Publication year - 2009
Publication title -
functional ecology
Language(s) - English
Resource type - Journals
SCImago Journal Rank - 2.272
H-Index - 154
eISSN - 1365-2435
pISSN - 0269-8463
DOI - 10.1111/j.1365-2435.2009.01573.x
Subject(s) - biology , nectar , pollination , pollinator , botany , inflorescence , generalist and specialist species , bumblebee , ecology , pollen , habitat
Summary 1.  Plants with open flowers and exposed nectar should attract a wide diversity of flower visitors, yet, for reasons that are not yet well understood, some plants with these ‘generalist’ floral traits have highly specialized pollination systems. 2.  We investigated this problem in the African milkweed Pachycarpus grandiflorus which has open flowers that produce copious amounts of exposed and concentrated nectar, yet is visited almost exclusively by spider‐hunting wasps in the genus Hemipepsis . 3.  These wasps were the only visitors found to consistently carry pollinaria and a cage experiment showed that they are capable of successfully pollinating this plant.
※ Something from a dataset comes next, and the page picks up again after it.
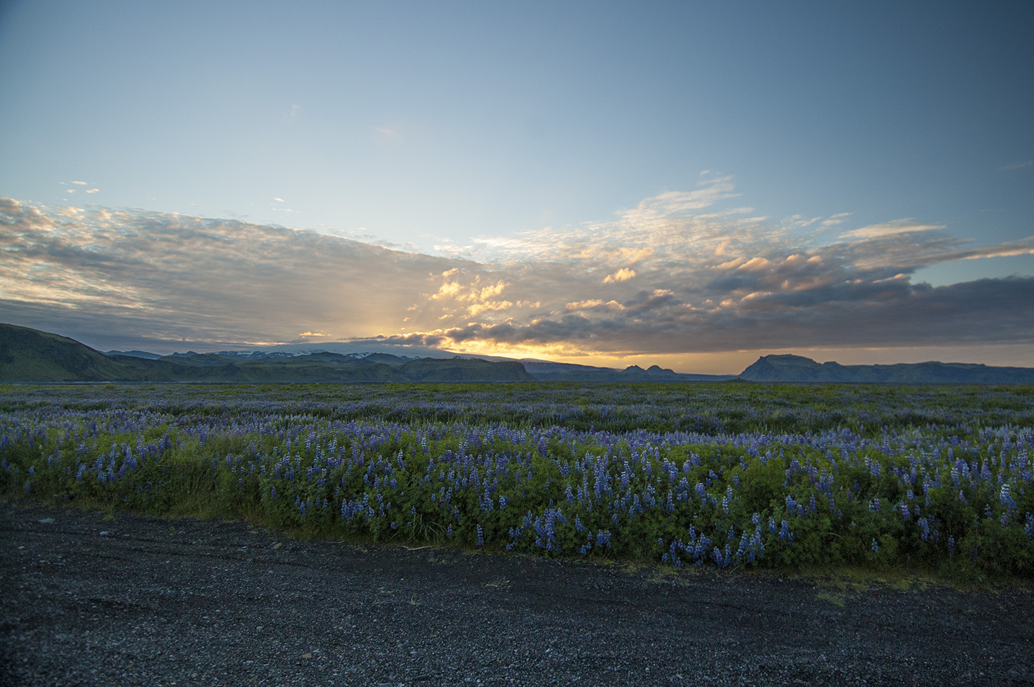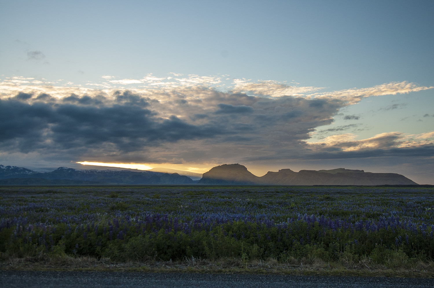 Il est maintenant 22h, nous devons trouver notre camping pour la nuit. PM a spotté sur un blog, un spot complètement fou. Pakgil. Sauf que sur la carte, on ne comprend pas trop comment s’y rendre (on saura pourquoi plus tard). On file donc sur la route 1, se demandant si on ne passait pas tout droit. On surveille le nom des rues. On en voit une qui ressemble à ce qu’on a trouvé sur Google map, mais ce n’est pas exactement ça, donc on continue. Il est rendu 11h30, on roule sur un long bout plat, bordé de lupin lilas et ce superbe coucher de soleil sur les montagnes et l’immense glacier en arrière plan. C’est bien beau, mais on est pas dans la bonne direction certain… C’était pas aussi loin.

Furthermore, experimental hand‐pollinations showed that P. grandiflorus is genetically self‐incompatible and thus reliant on pollinators for seed set. 4.  We investigated the roles of chemical (nectar and floral scent) and spectral properties in the selective attraction of wasps and the filtering out of other potential flower visitors. Nectar palatability experiments showed that the nectar is unpalatable to honeybees but palatable to the wasps. Choice experiments conducted in the field and using a Y‐maze in the laboratory showed that wasps are attracted primarily by scent rather than visual cues. Analysis of scent using Gas Chromatography‐Mass Spectrometry showed that these inflorescences produce 36 different compounds, mostly monoterpenes and aliphatics. Analysis of spectral reflectance showed that flowers have similar colouring to the background vegetation. 5.  We conclude that P. grandiflorus is specialized for pollination by Hemipepsis wasps, and in the absence of morphological filters, achieves specialization through unpalatable nectar, cryptic colouring and scent as a selective pollinator attractant. 6.  This study demonstrates that plants whose flowers are not morphologically adapted to exclude particular floral visitors can achieve specialization through non‐morphological filters.